Trump Questions Commitment to Protecting NATO Allies

If Russia attacks American allies, he would first review if they 'have fulfilled their obligations' to the U.S. before deciding whether to come to their aid.

Brendan O'Brien
U.S. Republican presidential candidate Donald Trump pauses while delivering a campaign speech about national security in Manchester, New Hampshire, U.S. June 13, 2016.
U.S. Republican presidential candidate Donald Trump pauses while delivering a campaign speech about national security in Manchester, New Hampshire, U.S. June 13, 2016. Credit: Brian Snyder, Reuters
Brendan O'Brien

REUTERS – Republican presidential nominee Donald Trump has raised fresh questions about his commitment to automatically defend NATO allies if they were attacked, a stance in keeping with his "America First" agenda, the New York Times reported.

In response to a question about potential Russian aggression towards the Baltic states, Trump told the newspaper in an interview that if Moscow attacked them, he would decide whether to come to their aid only after reviewing whether those nations "have fulfilled their obligations to us".
He added: "If they fulfill their obligations to us, the answer is yes."

Trump was quoted as saying he would force allies to shoulder defense costs that the United States has borne for decades, cancel longstanding treaties he views as unfavorable, and redefine what it means to be a partner of the United States.

"I would prefer to be able to continue" existing agreements, he said, but only if allies stopped taking advantage of what he called an era of American largess, the New York Times wrote.

Democratic presidential candidate Hillary Clinton's senior foreign policy adviser, Jake Sullivan, said in a statement: "Trump has apparently decided that America lacks the moral authority to advance our interests and values around the world."

Former Republican rival Senator Lindsey Graham of South Carolina joined the criticism, saying Trump's remarks made the world more dangerous and the United States less safe.

"The GOP nominee for President is essentially telling Russians/other bad actors the US is not fully committed to supporting NATO alliance," Graham wrote on Twitter. "I can only imagine how our allies in NATO, particularly the Balkan states, must feel after reading these comments from Mr.

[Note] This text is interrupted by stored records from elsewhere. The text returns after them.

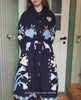 Rose Coat is made from 100% organic cotton canvas and lined with striped cotton. It features a classic collar, bone-look buttons, and a belt with fixed belt loops at the waist. The coat has classic sleeves and is decorated all over with Suzani embroidery featuring flowers, hearts, and horses.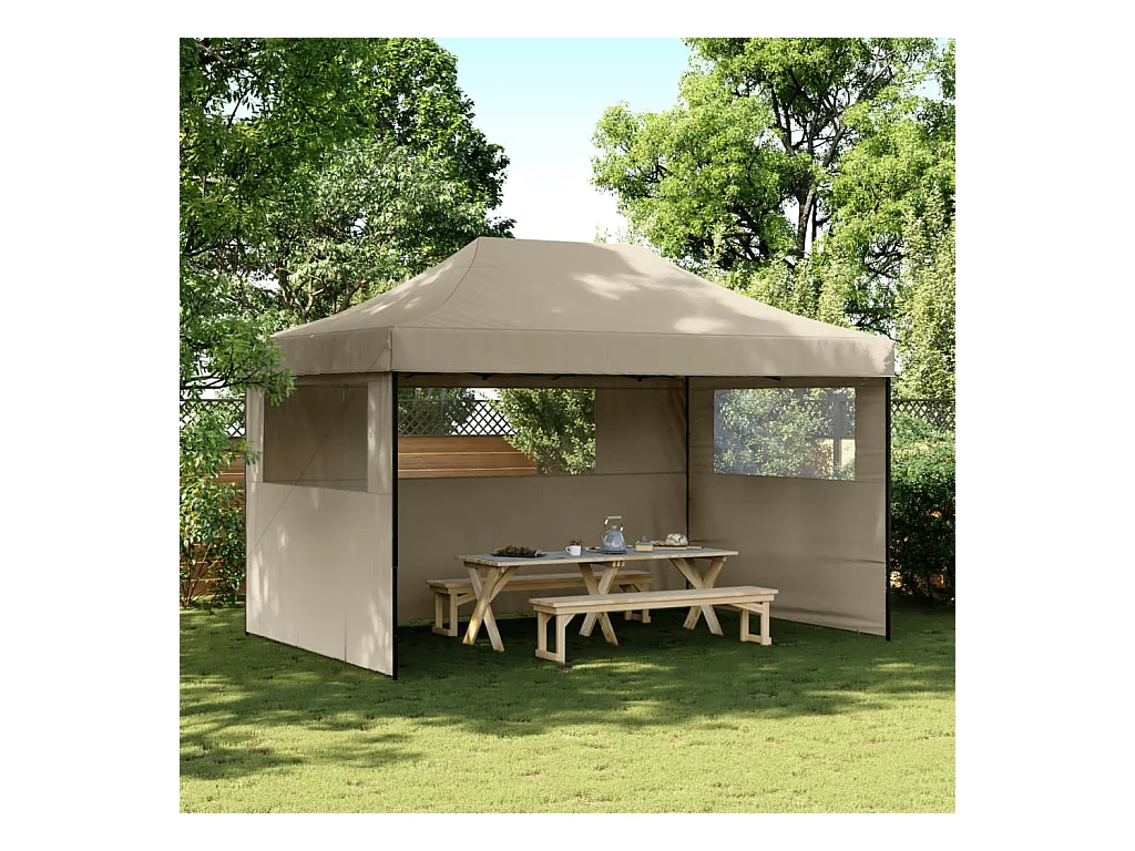 Tente de réception pliable escamotable 4 parois latérales taupe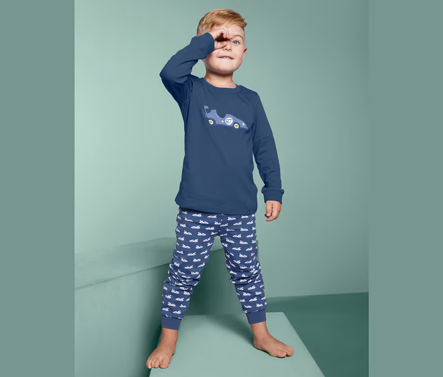 Der Schlafanzug ist mit formstabilen Rippbündchen an Halsausschnitt, Arm- und Beinabschluss, die Hose hat zusätzlich einen verstellbaren Gummibund für einen perfekten Sitz. Von Größe 74/80 bis 86/92 lässt sich der Zweiteiler für ein besonders leichtes An- und Ausziehen mit Druckknöpfen an der Schulter öffnen.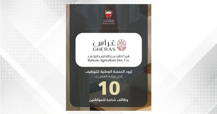 في إطار تنفيذ توجيهات سمو ولي العهد رئيس مجلس الوزراء بعرض 3 فرص وظيفية لكل باحث عن عمل .. شركة البحرين للتطوير الزراعي (غراس) تزود المنصة الوطنية للتوظيف بـ 10 وظائف شاغرة للمواطنين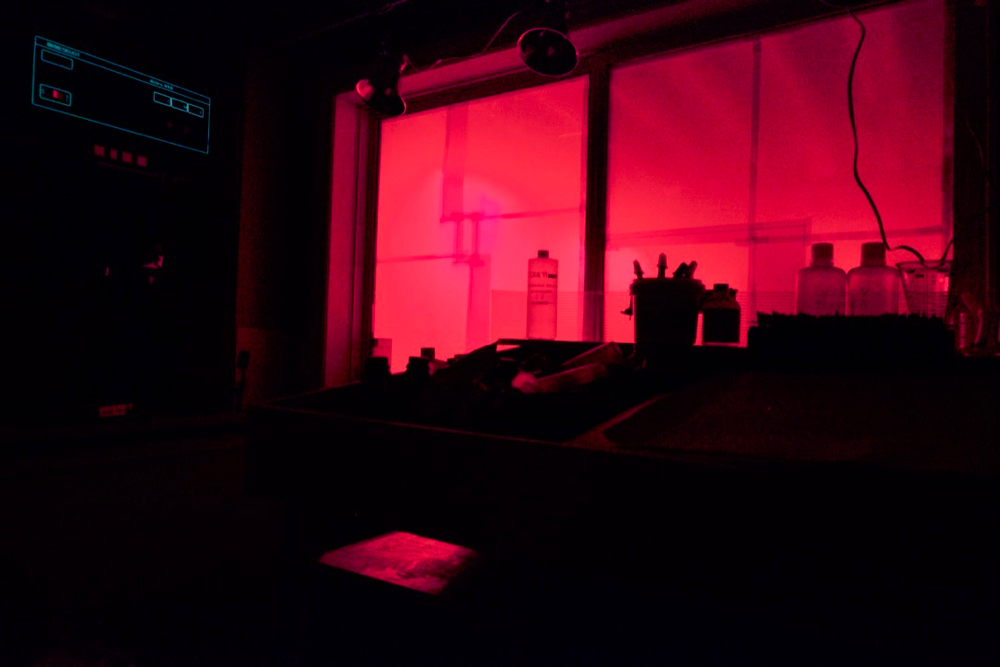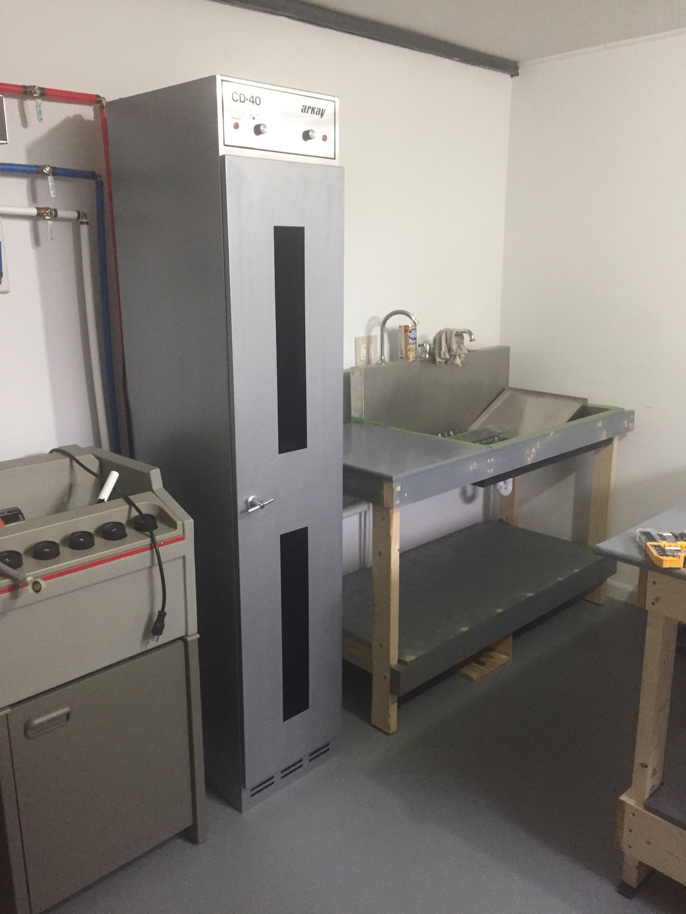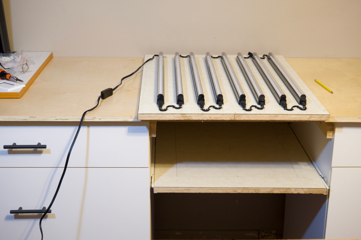 Under the counter UV LED light source in place with a pull out drawer for heavy sheet of 16x20 glass contact printing rig.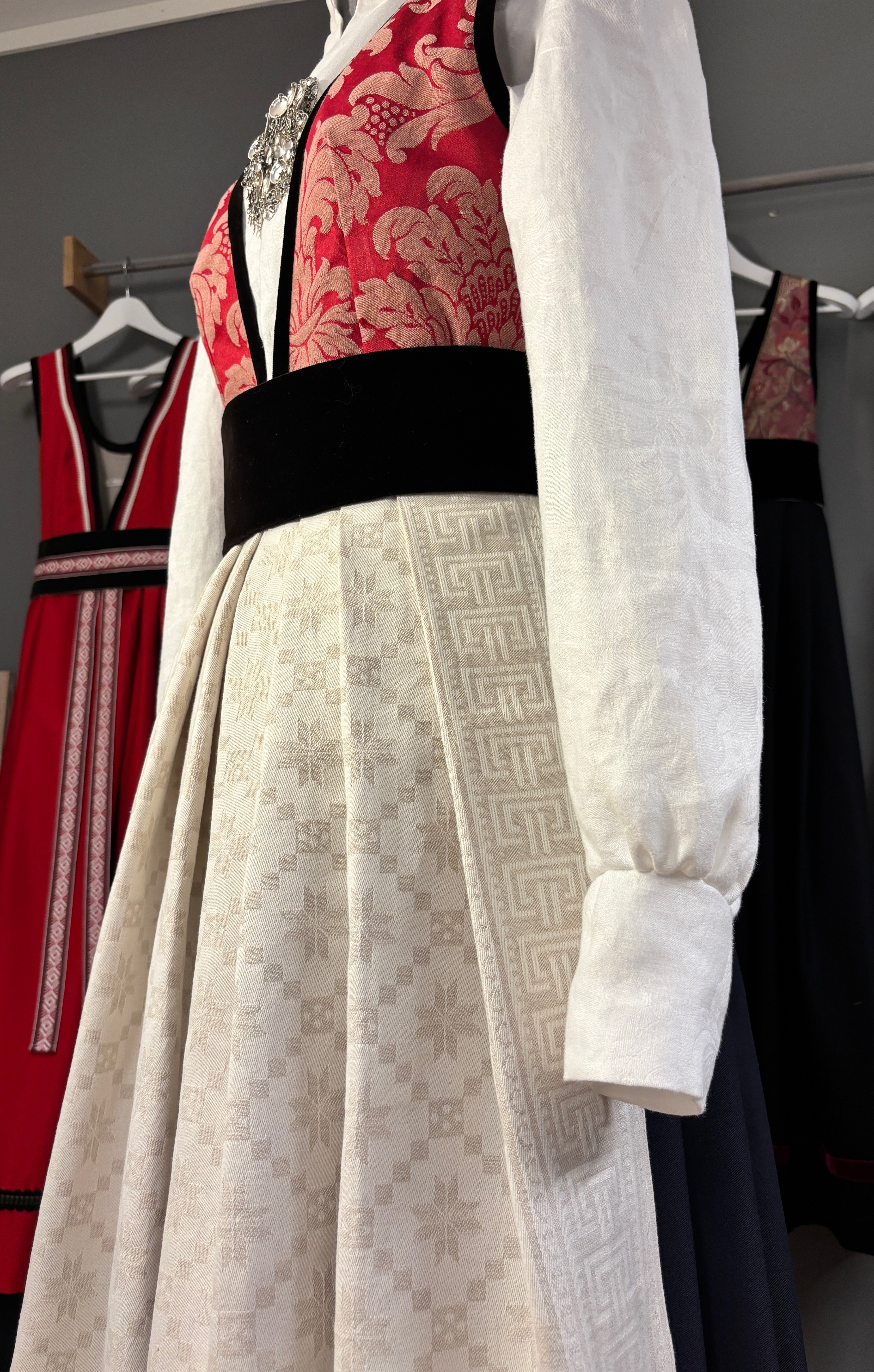 Festdraktene sys etter dine mål som gjør at festdrakten sitter akkurat slik den skal – og med de detaljene du synes er viktig for akkurat din festdrakt. Dette gir deg den samme følelsen av håndverket du får i en bunad, men med større fleksibilitet.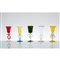 Collezione di cinque bicchieri in vetro soffiato con coppa di forma e colore differente, gambo con volute e anse in vetro incolore con inclusioni oro e in vetro colorato.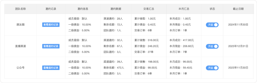 團長可實時查看團隊成員詳情數據、團隊成員推廣數據、團隊成員傭金數據等。

Trump."

David Corn, Washington bureau chief of the Mother Jones news website, said in a tweet that Trump's campaign manager Paul Manafort had told him the candidate had been misquoted.

Reuters was unsuccessful in attempts to reach Trump campaign staff for comment late on Wednesday.

NATO Secretary-General Jens Stoltenberg said on Thursday that he would not interfere in the U.S. election campaign but added that solidarity among allies was a key value for the group.

"This is good for European security and good for U.S. security," the NATO head said in a statement. "The United States has always stood by its European allies."

Trump has for months raised questions about the money the United States pours into NATO, which he says needs to be reconfigured to take account of today's global threats.

His rhetoric has raised alarm in allied countries that still rely on the U.S. defense umbrella. The phrase "America First" was used in the 1930s by isolationists who sought to keep the United States out of World War Two.

Trump was quoted as saying that if elected, he would not exert pressure on Turkey or other authoritarian allies about purging political opponents or cracking down on civil liberties.

He said the United States has to "fix our own mess" before trying to sway the behavior of other nations.

"I don't think we have a right to lecture," Trump was quoted as saying.

"Look at what is happening in our country," he added. "How are we going to lecture when people are shooting policemen in cold blood?"